Rob​ Gronkowski was everything you wanted him​ to be.
This​ is​ true​ for​ you, the fans,​ who​ gobbled​ up​ every quirky​​ moment of Gronk’s nine-season career, which ended Sunday upon his retirement announcement. He was the fun-loving, happy-go-lucky, party-boy, football-behemoth spectacle you adored on the field and envied off it during his Hall of Fame run with the Patriots.
That personality was genuine and never for the cameras; as you know, some personalities in the sports and entertainment industries are for the cameras.
He was also about community to the core. That’s what I always respected more than anything about Rob Gronkowski as I covered the duration of his career. I’ve covered the Patriots since 2009, and Gronk will be the first Gold Jacket I covered from start to finish. And rather than recycling the same stats that everyone on the planet can use to justify his future presence in the Pro Football Hall of Fame, I’d prefer to give you a firsthand look of what it was like to cover the man whose personality was borderline mythical and whose on-field performance was legendary.
For example, as the Patriots were forging through their 2019 season and ultimately trekking toward their Super Bowl LIII victory against the Rams, I pushed hard to write a feature about the impact Gronk has had in New England and even across the country. I wanted to tell the story through the voices of the families whose lives were brightened by a personal experience with Gronkowski, as he frequently dropped in to local hospitals to meet with kids, or showed up at a house or a school or seemingly anywhere they shined the Gronk signal into the sky. It actually took a couple of months to organize the whole story, but the effort was sparked by the notion that each of Gronk’s appearances was genuine.
I’ll never forget: During the 2014 offseason, after Gronk recovered from a torn ACL to the point where he could at least walk around comfortably, he strolled into the Patriots’ community affairs office and asked if he could help at any upcoming events. Even earlier, before the 2013 season was over and Gronk had even graduated from a wheelchair, he showed up unannounced to Boston Children’s Hospital in an elf costume to sing Christmas carols, visit rooms and brighten spirits.

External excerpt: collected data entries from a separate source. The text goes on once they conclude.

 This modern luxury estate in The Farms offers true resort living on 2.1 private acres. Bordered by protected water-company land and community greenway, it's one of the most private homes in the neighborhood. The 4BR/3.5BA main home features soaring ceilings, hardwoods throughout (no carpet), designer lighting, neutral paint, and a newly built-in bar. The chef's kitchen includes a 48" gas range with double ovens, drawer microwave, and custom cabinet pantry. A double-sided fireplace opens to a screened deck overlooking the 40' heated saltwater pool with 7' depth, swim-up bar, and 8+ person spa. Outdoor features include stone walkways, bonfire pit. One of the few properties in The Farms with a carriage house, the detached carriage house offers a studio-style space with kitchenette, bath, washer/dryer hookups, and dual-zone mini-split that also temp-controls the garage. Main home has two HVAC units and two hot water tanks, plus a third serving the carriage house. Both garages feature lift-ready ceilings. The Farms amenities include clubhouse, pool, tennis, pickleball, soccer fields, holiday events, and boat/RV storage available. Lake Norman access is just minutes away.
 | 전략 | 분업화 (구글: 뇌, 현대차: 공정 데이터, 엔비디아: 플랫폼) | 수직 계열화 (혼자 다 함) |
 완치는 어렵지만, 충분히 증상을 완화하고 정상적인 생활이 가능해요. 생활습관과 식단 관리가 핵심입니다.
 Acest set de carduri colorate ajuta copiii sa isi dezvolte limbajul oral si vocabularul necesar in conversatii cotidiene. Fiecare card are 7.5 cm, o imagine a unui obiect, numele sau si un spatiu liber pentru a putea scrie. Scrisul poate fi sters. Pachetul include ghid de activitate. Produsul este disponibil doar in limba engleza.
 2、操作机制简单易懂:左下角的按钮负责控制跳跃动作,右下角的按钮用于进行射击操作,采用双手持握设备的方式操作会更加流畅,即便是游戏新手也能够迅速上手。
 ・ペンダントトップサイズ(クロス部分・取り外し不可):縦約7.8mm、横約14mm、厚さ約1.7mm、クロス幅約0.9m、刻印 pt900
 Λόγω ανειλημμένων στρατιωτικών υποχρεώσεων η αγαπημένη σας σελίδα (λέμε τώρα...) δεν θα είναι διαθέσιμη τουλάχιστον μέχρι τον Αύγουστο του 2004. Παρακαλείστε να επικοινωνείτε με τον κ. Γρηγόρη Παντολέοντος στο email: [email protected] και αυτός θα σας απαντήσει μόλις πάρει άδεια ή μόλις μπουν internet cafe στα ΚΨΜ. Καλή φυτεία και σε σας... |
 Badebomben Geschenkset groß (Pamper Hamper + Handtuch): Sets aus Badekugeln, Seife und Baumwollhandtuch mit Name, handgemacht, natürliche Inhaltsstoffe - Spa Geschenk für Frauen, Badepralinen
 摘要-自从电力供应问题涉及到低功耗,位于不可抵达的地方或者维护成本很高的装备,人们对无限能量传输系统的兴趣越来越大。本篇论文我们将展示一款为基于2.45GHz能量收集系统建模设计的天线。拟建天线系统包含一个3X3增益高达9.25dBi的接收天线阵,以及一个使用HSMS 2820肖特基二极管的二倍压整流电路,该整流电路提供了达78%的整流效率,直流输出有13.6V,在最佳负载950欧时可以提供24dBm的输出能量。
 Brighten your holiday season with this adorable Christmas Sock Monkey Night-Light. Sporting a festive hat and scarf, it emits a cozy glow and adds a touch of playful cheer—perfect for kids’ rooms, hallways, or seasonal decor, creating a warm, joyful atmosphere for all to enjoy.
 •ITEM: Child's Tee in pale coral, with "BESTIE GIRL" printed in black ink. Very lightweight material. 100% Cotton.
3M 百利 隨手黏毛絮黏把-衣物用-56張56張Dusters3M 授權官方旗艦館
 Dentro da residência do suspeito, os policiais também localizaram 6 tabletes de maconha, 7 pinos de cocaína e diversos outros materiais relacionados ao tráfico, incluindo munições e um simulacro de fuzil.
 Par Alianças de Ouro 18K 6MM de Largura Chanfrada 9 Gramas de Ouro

He handed out turkeys, dressed up like a Christmas tree, played football on the Gillette Stadium game field with Make-A-Wish recipients, called high schools in mourning over tragedy, and on and on. He once attended an event at a local family’s house, and they wondered if he’d ever leave because he was having as much fun as all the kids.
I once asked Gronkowski how a certain child with an illness was doing. “In (State A)?” he asked. “No, (State B),” I replied. He’s impacted so many lives off the field that it can be difficult for him to keep them all organized on the fly. Another time, I relayed a message of gratitude from a family whom he’d helped, and he got choked up, noting that’s the greatest reward for him, hearing long after the fact how he could use his platform to help others in need.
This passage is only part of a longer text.